Publicações por Ana Isabel Neri

2022

Compiling Quantamorphisms for the IBM Q Experience

Autores
Neri, A; Barbosa, RS; Oliveira, JN;

Publicação
IEEE TRANSACTIONS ON SOFTWARE ENGINEERING

Abstract
Based on the connection between the categorical derivation of classical programs from specifications and a category-theoretic approach to quantum information, this paper contributes to extending the laws of classical program algebra to quantum programming. This aims at building correct-by-construction quantum circuits to be deployed on quantum devices such as those available through the IBM Q Experience. Reversibility is ensured by minimal complements. Such complementation is extended inductively to encompass catamorphisms on lists (vulgo folds), giving rise to the corresponding recursion scheme in reversible computation.
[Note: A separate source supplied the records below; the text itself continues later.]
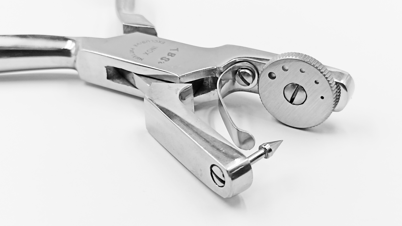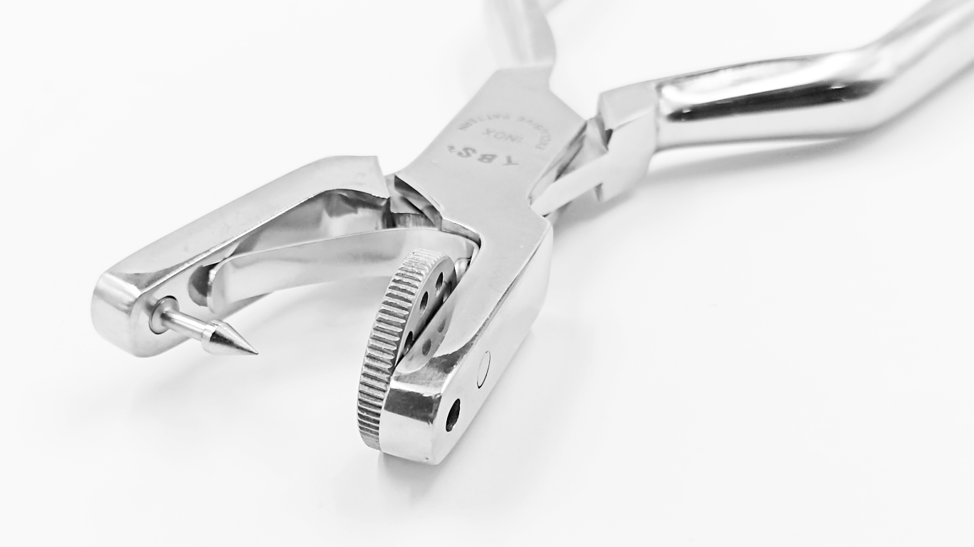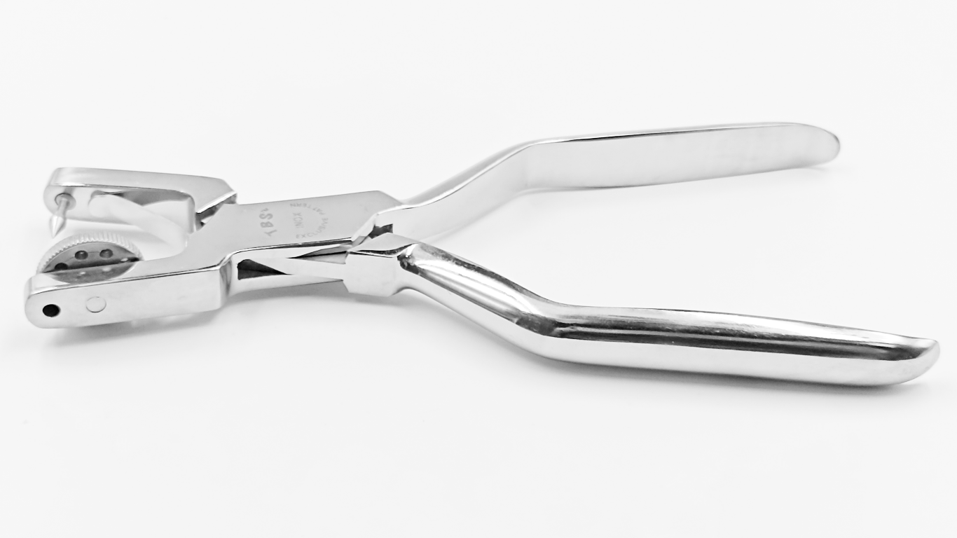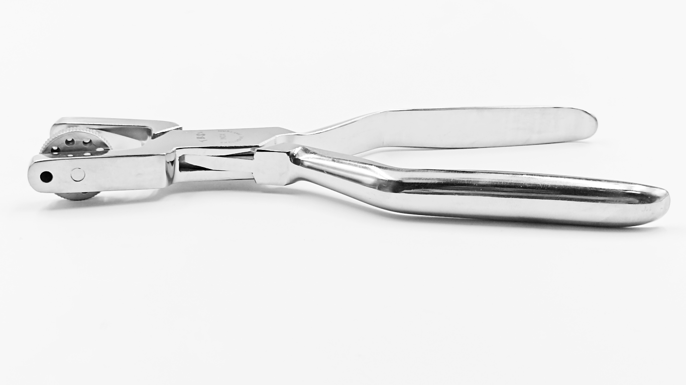 Para utilizar la perforadora de dique de hule Ivory, el dentista sostiene el mango de la herramienta y aplica una presión controlada sobre el dique de hule en el lugar donde desea hacer la perforación. Al presionar, la punta de la perforadora atraviesa el material de hule, creando un pequeño orificio que permite el paso de instrumentos dentales, como fórceps o exploradores, mientras se mantiene el dique en su lugar.
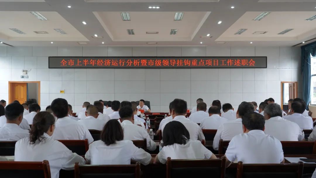 市统计局通报了全市上半年各项经济运行情况;市发改局对三季度GDP目标任务和投资计划作安排;财政局、住建局、工信局围绕“上半年经济运行情况、分析困难问题,就实现全年目标三季度如何努力”作现场发言,卫健局、城投公司、新华乡围绕如何完成全年固定资产投资目标任务作现场发言,市商务局围绕“四上”企业培育纳规工作现场发言。景浩宇、余朝蕊、彭蕊、李映华四位市领导围绕挂钩重点项目推进情况作述职发言。
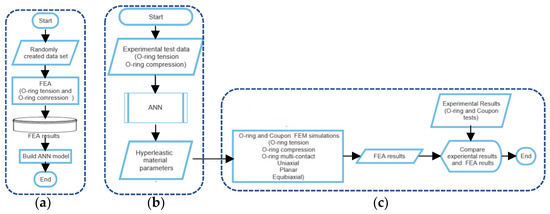 The virtual fields method (VFM) consists of an analytical solution of a constitutive model, digital image correlation, and optimization method. Virtual fields, which can be strain or displacement, are predicted by solving a constitutive analytical model with guess parameters. Then, the virtual prediction is compared to digital image correlation measurements through a cost function to be minimized [48,49]. This approach is applied to determine the hyperelastic material parameters of rubber specimens with a cruciform shape [34,50,51,52]. Similar to the previously described approaches, the selection of the initial parameters and optimization techniques directly affects the quality of the prediction in this approach. Moreover, these indirect approaches are material-dependent, and the procedure must be repeated for another material. The current study identifies different rubbers’ responses for application-specific component geometry that provides O-ring shapes applying a direct material-independent reverse engineering approach. Our goal is to determine the hyperelastic material parameters that will fulfill the application requirements and lead to a suitable selection of rubber. Specifically, we aim to identify the hyperelastic material parameters of different rubbers (silicon, neoprene, and natural rubber) from the developed ANN model without performing experimental coupon tests.
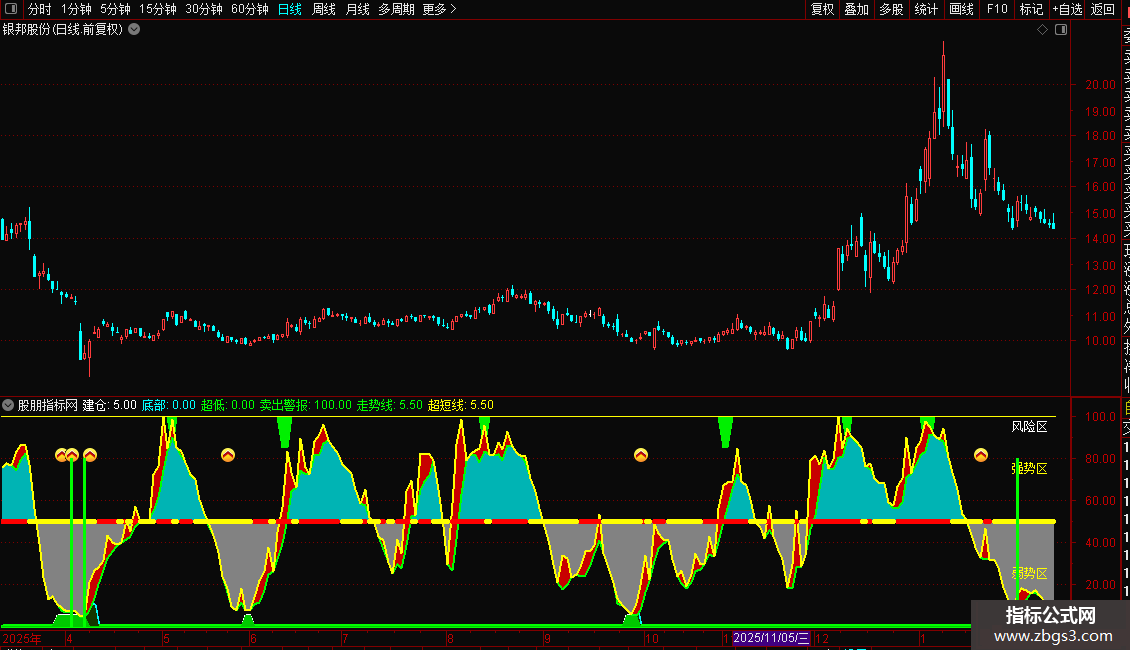 MN线:基于N1周期(通常为8日)的成交额均价计算的价格均线。它被用作强弱分界线。

The same idea is then applied to the setting of quantum programming, where computation is expressed by unitary transformations. This yields the notion of 'quantamorphism', a structural form of quantum recursion implementing cycles and folds on lists with quantum control flow. By Kleisli correspondence, quantamorphisms can be written as monadic functional programs with quantum parameters. This enables the use of Haskell, a monadic functional programming language, to perform the experimental work. Such calculated quantum programs prepared in Haskell are pushed through Quipper and the Qiskit interface to IBM Q quantum devices. The generated quantum circuits - often quite large - exhibit the predicted behaviour. However, running them on real quantum devices naturally incurs a significant amount of errors. As quantum technology is rapidly evolving, an increase in reliability is likely in the future, allowing for our programs to run more accurately.